I want to find an integral quadratic form $a^2+2bxy+z^2$ with $b\equiv 0 \mod 81$ which is properly integrally equivalent to $3x^2+2xy+12y^2$. In matrix worm that means that there exists a $2\times 2$-matrix $T$ over $\mathbb{Z}$ with $\det(T)=1$ and with $$T^T \begin{pmatrix} 3 & 1 \\ 1 & 12 \end{pmatrix} T = \begin{pmatrix} a & b \\ b & c \end{pmatrix}.$$
I tried as Ansatz matrices $T$ of the form $$\begin{pmatrix} 1 & n \\ 0 & 1 \end{pmatrix}, \begin{pmatrix} 1 & 0 \\ n & 1 \end{pmatrix} \text { and } \begin{pmatrix} 1 & 1 \\ n-1 & n \end{pmatrix}.$$ With the first two I got congruences wit no solutions ($3n+1 \equiv 0 \mod 81$ and $12n+1 \equiv 0 \mod 81$), whereas with the third one I got and $12n^2-10n+2 \equiv 0 \mod 81$, which has the solution 41 (thank you WolframAlpha), but I don't know how to find it, so it doesn't make much sense to simply accept it.

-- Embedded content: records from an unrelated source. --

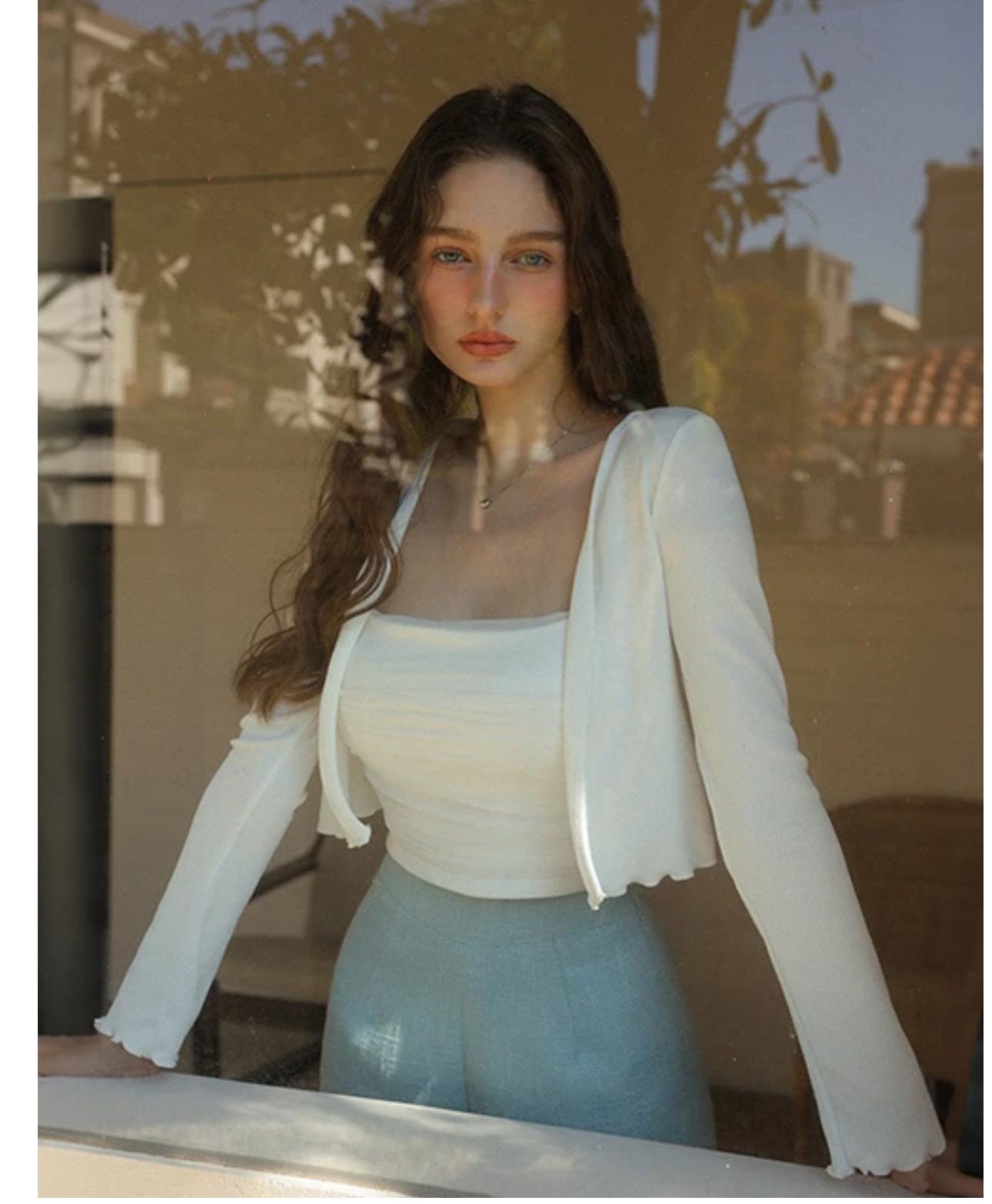 木耳邊長袖罩衫透紗細肩帶背心套裝(附胸墊)
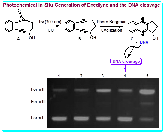 An evaluation of the photogenerated nine-membered ring enediyne B , towards nuclease activity was carried out using supercoiled plasmid DNA cleavage assays. Three forms of this DNA: native (RF I), circular relaxed (RF II, produced by single-strand cleavage), and linear (RF III, formed by scission of both strand in close proximity) are readily separated by the agarose gel electrophoresis. Aqueous solution (5 mM) of cyclopropenone A was irradiated with low-pressure mercury lamp to produce reactive enediyne B . A solution of φX174 supercoiled circular DNA (10 ng/μL) in TE buffer was added to photolysate and incubated for 16 h at 25°C.
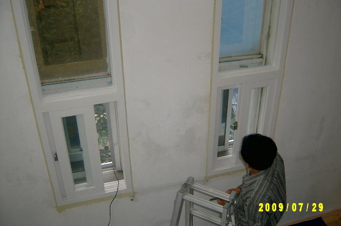 창문과 창문 사이 시멘트공사를 하다
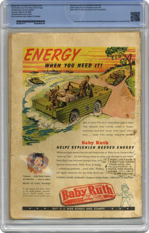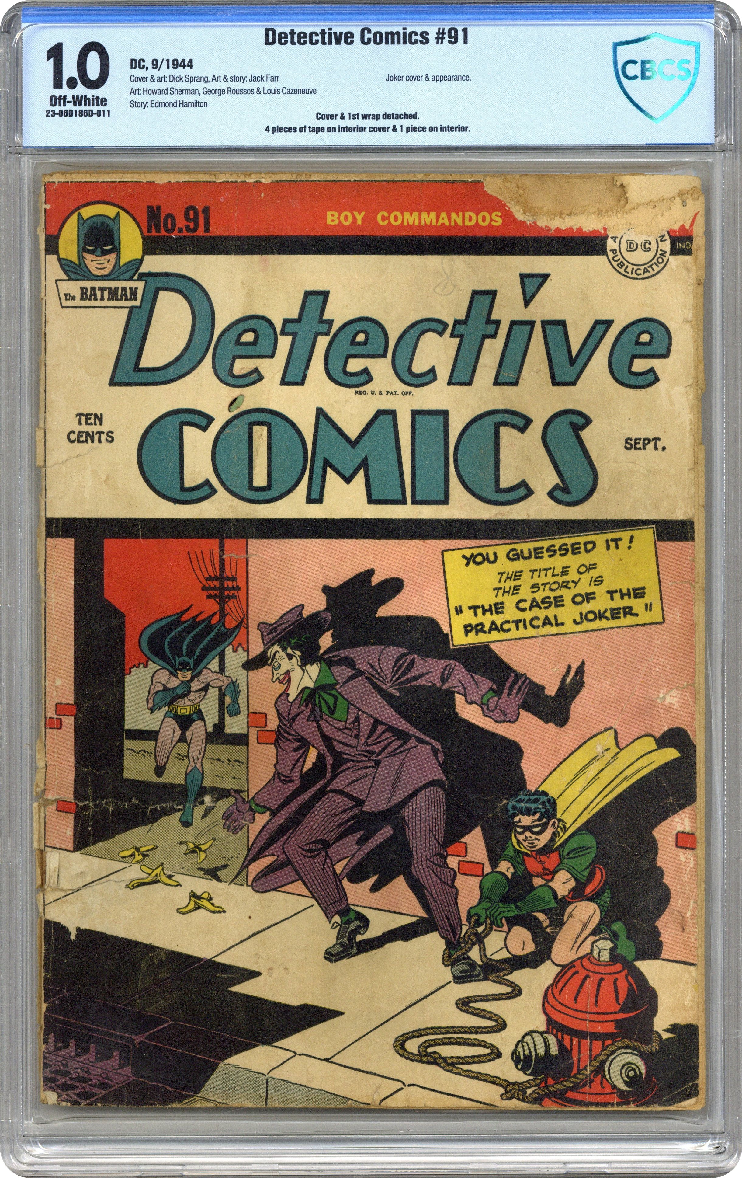 Ended Feb 4 2024 Winning Bid $425 Cover by Dick Sprang. Stories by Edmond Hamilton, Jack Farr and unknown. Art by Dick Sprang, Jack Farr, Howard Sherman, George Roussos and Louis Cazeneuve. While in prison, the Joker becomes the butt of practical jokes played against him, so he threatens to escape and steal an entire city in retaliation in the Batman and Robin tale "The Case of the Practical Joker" by Edmond Hamilton and Dick Sprang. Plus: Three-Ring Binks in an untitled story by Jack Farr; Slam Bradley in "The Chicken and the Yegg!" with art by Howard Sherman; Air Wave in "Loot for Laughter!" with art by George Roussos; and The Boy Commandos in "Retreat to Paradise!" with art by Louis Cazeneuve (not by Simon and Kirby, despite the listed credits). Also: Casey the Cop 1-pager by Henry Boltinoff; Jerry the Jitterbug 1-pager by Boltinoff; and 2-page text story "Money in the Bank" by Stan Carter. 52 pages, full color. Cover price $0.10. Grade: CBCS 1.0 explanation of grade Condition: Used (collectible)

Is there an easy way to find the equivalent form?
There is an easy step-by-step solution:
we want $81|12n^2-10n+2$, which is equivalent to $81|6n^2-5n+1$.
$81|6n^2-5n+1$ implies $3|-5n+1$, so $n\equiv 2\pmod{3}$, so $n=3k+2$ for some $k$ ($k\in\{0,1,2,\dots,26\}$ if you're looking for a solution $n\in\mathbb{Z}_{81}$).
put $n=3k+2$ into $81|6n^2-5n+1$.
you will get $81|54k^2 + 57k + 15$, which is equivalent to $27| 18k^2+ 19k + 5$.
now we see that it has to be $9|19k + 5$, or $9|k+5$, so $k=9l+4$ for some $l$ ($l\in\{0,1,2\}$ if $n\le 81$).
put it into the divisibility and the end is near (you will have $3|163l+41$, equivalent to $3|l+2$, so for $l\in\{0,1,2\}$ we see that $l$ turns out to be $1$, what finally gives $n=3(9\cdot 1+4)+2=41$).